Тем не менее Лавра должна считаться одним из древнейших монастырей на Афоне и заключает в себе кроме ризницы драгоценную роспись трапезы, древние иконы, мозаические изображения и рукописи, из коих некоторые восходят даже к X в. (10)
Слишком занятая и деловая жизнь, посвященная важным государственным заботам, должна была отвлекать внимание государя в сторону от того мечтательного идеала, какой носился перед ним вследствие бесед с Афанасием. С годами Никифора более и более завлекали военные предприятия, посредством которых он надеялся сломить преобладание мусульманства и возвратить империи так давно утраченное ею на Востоке первенство. Но непрекращавшиеся войны истощали государственные средства и побуждали Никифора прибегать к экстренным мерам для пополнения казны. Вследствие того прежняя популярность царя начала уменьшаться. В особенности городское население не могло простить Никифору его явного предпочтения, оказываемого военному сословию. Ему ставили в вину обыкновенно случайные и несчастные недоразумения, бывавшие на ученьях и смотрах (11).
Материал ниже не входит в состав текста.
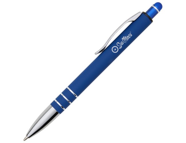 Caneta personalizada XV6087T em metal com acabamento emborrachado, ponta touchscreen e acionamento por clique. Carga esferográfica azul 1.0mm que oferece escrita suave e precisa. Um brinde corporativo moderno e funcional, perfeito para divulgar sua marca com estilo e inovação.

Слишком много вредила Никифору корыстолюбивая финансовая система его брата, куропалата Льва, который искусственно повышал цены на хлеб и пускал его в продажу по высокой цене из своих складов. Под предлогом больших издержек на содержание войска государь вводил новые неслыханные налоги и тем изнурял народ. «По всему городу распространился ропот недовольных, что два брата наполняют свою казну народным имением и общие бедствия обращают в свою пользу». Еще определеннее знакомит с причинами обнаружившейся нелюбви к Никифору историк Кедрин (12).